Navi 23 6700S pp_od_clk_voltage no output, mclk capped at 875 MHz, gpu fan speed always 255
Brief summary of the problem:
I have a number of issues with my 6700S GPU on Linux.
- Even with amdgpu.ppfeaturemask=0xffffffff in the kernel parameters, the output of pp_od_clk_voltage is always blank. (perhaps related: #913 (closed))
- The GPU fan speed is always 0 according to apps like psensor.
cat /sys/class/drm/card0/device/hwmon/hwmon2/pwm1
always gives an output of 255. (related: #1925 (closed)) - The memory clock cannot go above 875 MHz, when it should be capable of 2 GHz according to here (perhaps related: #1301 (closed), #2152 (closed))
Hardware description:
- CPU: AMD Ryzen 9 6900HS
- GPU:
lspci -nn | grep VGA
03:00.0 VGA compatible controller [0300]: Advanced Micro Devices, Inc. [AMD/ATI] Navi 23 [Radeon RX 6650 XT] [1002:73ef] (rev c2)

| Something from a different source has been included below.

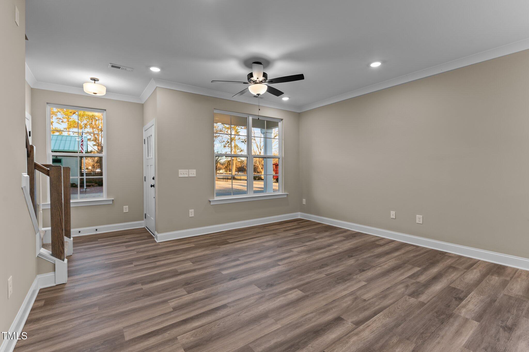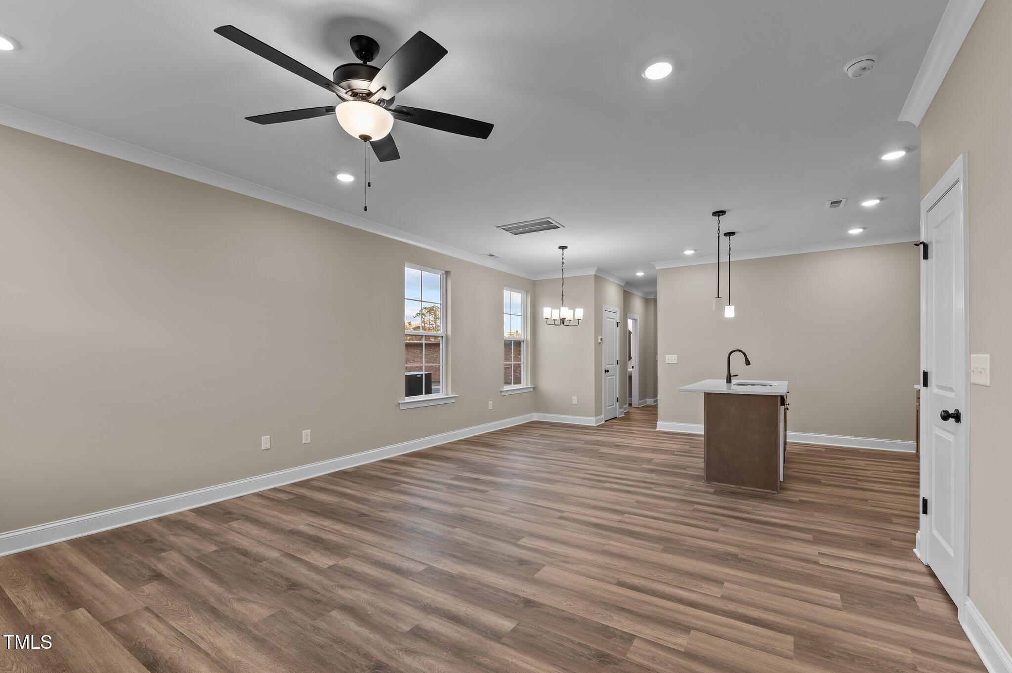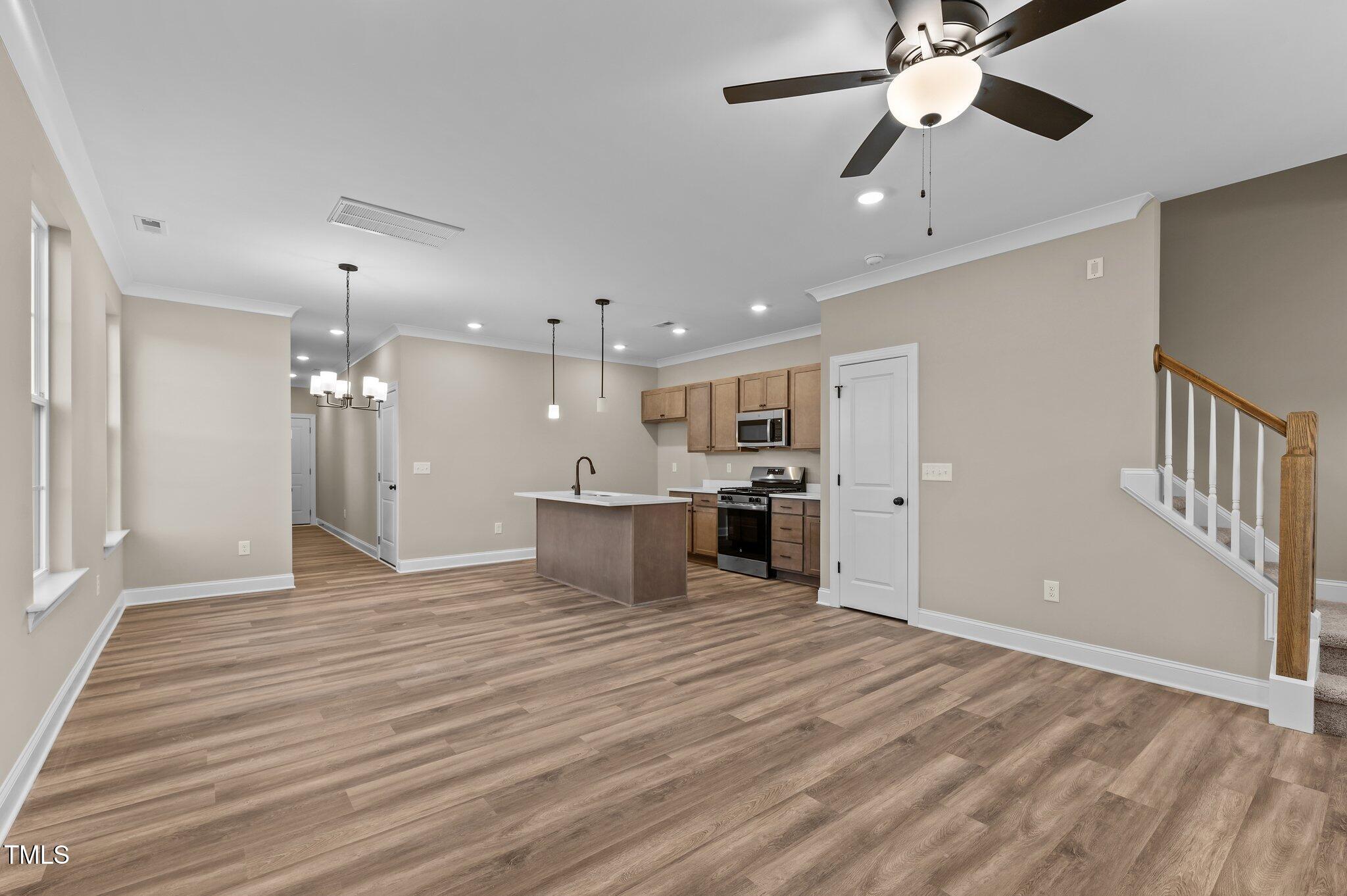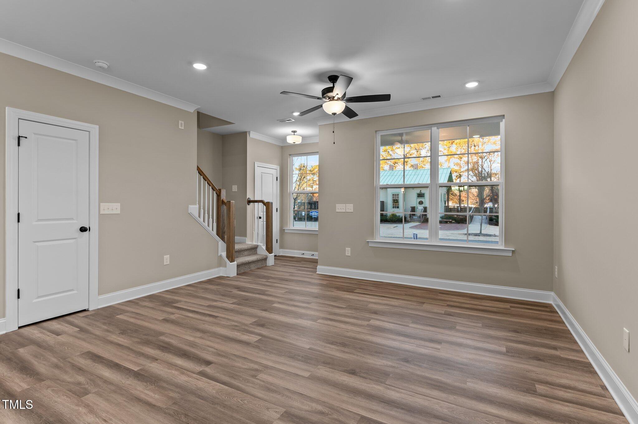 This property features: New construction (2024) custom townhome in Downtown Garner; Upgraded LVP flooring and open concept family room; Kitchen with quartz countertops, custom cabinetry, and stainless steel appliances

07:00.0 VGA compatible controller [0300]: Advanced Micro Devices, Inc. [AMD/ATI] Rembrandt [Radeon 680M] [1002:1681] (rev c7)
- System Memory: 40 GB
- Display(s): Laptop display, 1440p, 120 Hz
- Type of Display Connection: n/a
System information:
- Distro name and Version: Opensuse Tumbleweed 20221028
- Kernel version: 6.0.5-1
- Custom kernel: n/a
- AMD official driver version:
sudo cat /sys/kernel/debug/dri/0/amdgpu_firmware_info
VCE feature version: 0, firmware version: 0x00000000
UVD feature version: 0, firmware version: 0x00000000
MC feature version: 0, firmware version: 0x00000000
ME feature version: 41, firmware version: 0x00000040
PFP feature version: 41, firmware version: 0x0000005b
CE feature version: 41, firmware version: 0x00000024
RLC feature version: 1, firmware version: 0x00000056
RLC SRLC feature version: 0, firmware version: 0x00000000
RLC SRLG feature version: 0, firmware version: 0x00000000
RLC SRLS feature version: 0, firmware version: 0x00000000
MEC feature version: 41, firmware version: 0x0000005e
MEC2 feature version: 41, firmware version: 0x0000005e
SOS feature version: 0, firmware version: 0x00230009
ASD feature version: 553648242, firmware version: 0x21000072
TA XGMI feature version: 0x00000000, firmware version: 0x00000000
TA RAS feature version: 0x00000000, firmware version: 0x00000000
TA HDCP feature version: 0x00000000, firmware version: 0x17000028
TA DTM feature version: 0x00000000, firmware version: 0x1200000e
TA RAP feature version: 0x00000000, firmware version: 0x0700000e
TA SECUREDISPLAY feature version: 0x00000000, firmware version: 0x00000000
SMC feature version: 0, program: 0, firmware version: 0x003b2800 (59.40.0)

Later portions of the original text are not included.